• _DIRECTIONS FOR THIS TASK_
Each entry should be copied as it stands, leaving the pictures behind.

• _DATA SHOWN_
######

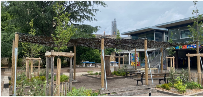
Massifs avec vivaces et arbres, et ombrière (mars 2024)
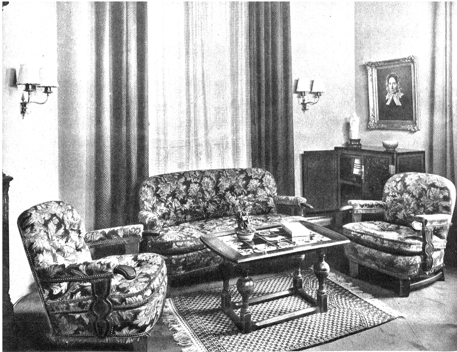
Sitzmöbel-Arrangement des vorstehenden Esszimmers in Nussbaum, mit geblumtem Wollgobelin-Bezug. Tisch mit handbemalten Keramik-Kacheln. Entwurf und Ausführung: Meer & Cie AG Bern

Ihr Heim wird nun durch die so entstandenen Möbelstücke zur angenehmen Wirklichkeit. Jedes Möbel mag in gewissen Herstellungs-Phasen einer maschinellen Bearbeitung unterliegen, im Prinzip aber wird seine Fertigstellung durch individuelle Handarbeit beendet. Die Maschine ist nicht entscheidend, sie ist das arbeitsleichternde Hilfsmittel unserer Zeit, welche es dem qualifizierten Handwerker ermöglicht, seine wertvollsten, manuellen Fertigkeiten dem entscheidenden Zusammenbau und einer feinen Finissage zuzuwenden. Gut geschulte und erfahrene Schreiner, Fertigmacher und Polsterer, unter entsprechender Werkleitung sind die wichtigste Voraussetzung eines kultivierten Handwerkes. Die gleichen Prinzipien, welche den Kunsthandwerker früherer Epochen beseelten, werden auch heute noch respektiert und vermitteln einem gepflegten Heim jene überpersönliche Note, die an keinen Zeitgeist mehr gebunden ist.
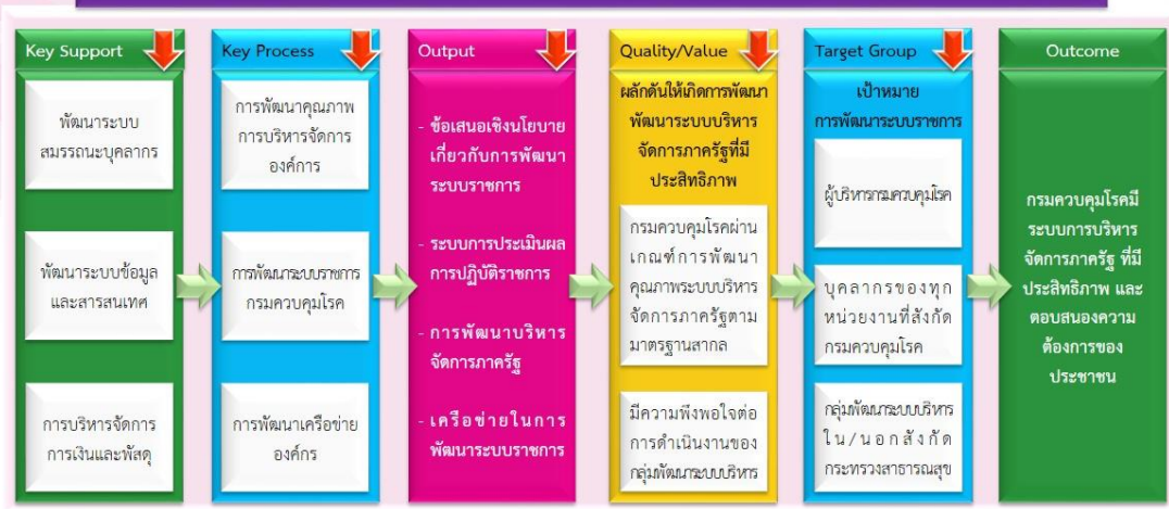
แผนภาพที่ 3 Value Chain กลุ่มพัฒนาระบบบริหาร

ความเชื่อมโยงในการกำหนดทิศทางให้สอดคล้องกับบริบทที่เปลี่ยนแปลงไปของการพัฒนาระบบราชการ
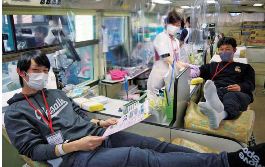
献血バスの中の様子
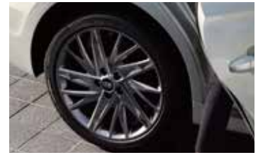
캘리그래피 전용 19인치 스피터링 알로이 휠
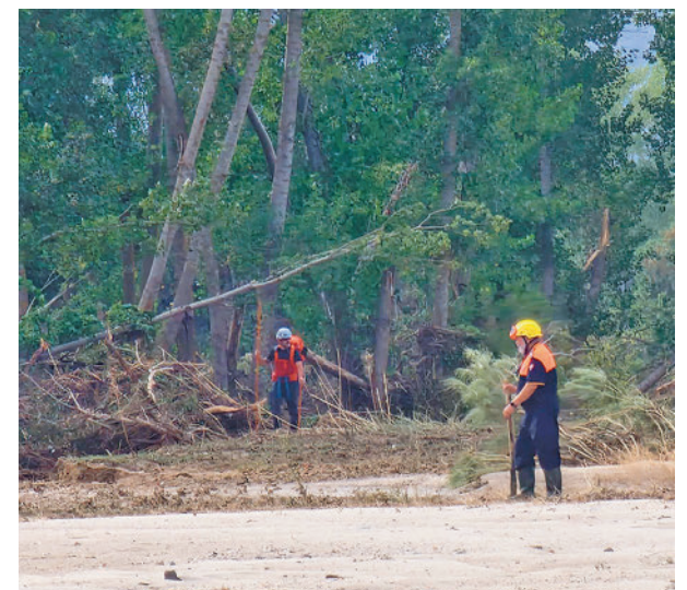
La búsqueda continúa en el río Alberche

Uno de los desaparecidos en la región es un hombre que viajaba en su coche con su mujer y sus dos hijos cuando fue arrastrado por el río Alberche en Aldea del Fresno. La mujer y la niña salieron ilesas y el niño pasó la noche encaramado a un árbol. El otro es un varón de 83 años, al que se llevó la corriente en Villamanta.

######

• _SOLUTION TO THE EXERCISE_
Massifs avec vivaces et arbres, et ombrière (mars 2024)
Sitzmöbel-Arrangement des vorstehenden Esszimmers in Nussbaum, mit geblumtem Wollgobelin-Bezug. Tisch mit handbemalten Keramik-Kacheln. Entwurf und Ausführung: Meer & Cie AG Bern

Ihr Heim wird nun durch die so entstandenen Möbelstücke zur angenehmen Wirklichkeit. Jedes Möbel mag in gewissen Herstellungs-Phasen einer maschinellen Bearbeitung unterliegen, im Prinzip aber wird seine Fertigstellung durch individuelle Handarbeit beendet. Die Maschine ist nicht entscheidend, sie ist das arbeitsleichternde Hilfsmittel unserer Zeit, welche es dem qualifizierten Handwerker ermöglicht, seine wertvollsten, manuellen Fertigkeiten dem entscheidenden Zusammenbau und einer feinen Finissage zuzuwenden. Gut geschulte und erfahrene Schreiner, Fertigmacher und Polsterer, unter entsprechender Werkleitung sind die wichtigste Voraussetzung eines kultivierten Handwerkes. Die gleichen Prinzipien, welche den Kunsthandwerker früherer Epochen beseelten, werden auch heute noch respektiert und vermitteln einem gepflegten Heim jene überpersönliche Note, die an keinen Zeitgeist mehr gebunden ist.
แผนภาพที่ 3 Value Chain กลุ่มพัฒนาระบบบริหาร

ความเชื่อมโยงในการกำหนดทิศทางให้สอดคล้องกับบริบทที่เปลี่ยนแปลงไปของการพัฒนาระบบราชการ
献血バスの中の様子
캘리그래피 전용 19인치 스피터링 알로이 휠
La búsqueda continúa en el río Alberche

Uno de los desaparecidos en la región es un hombre que viajaba en su coche con su mujer y sus dos hijos cuando fue arrastrado por el río Alberche en Aldea del Fresno. La mujer y la niña salieron ilesas y el niño pasó la noche encaramado a un árbol. El otro es un varón de 83 años, al que se llevó la corriente en Villamanta.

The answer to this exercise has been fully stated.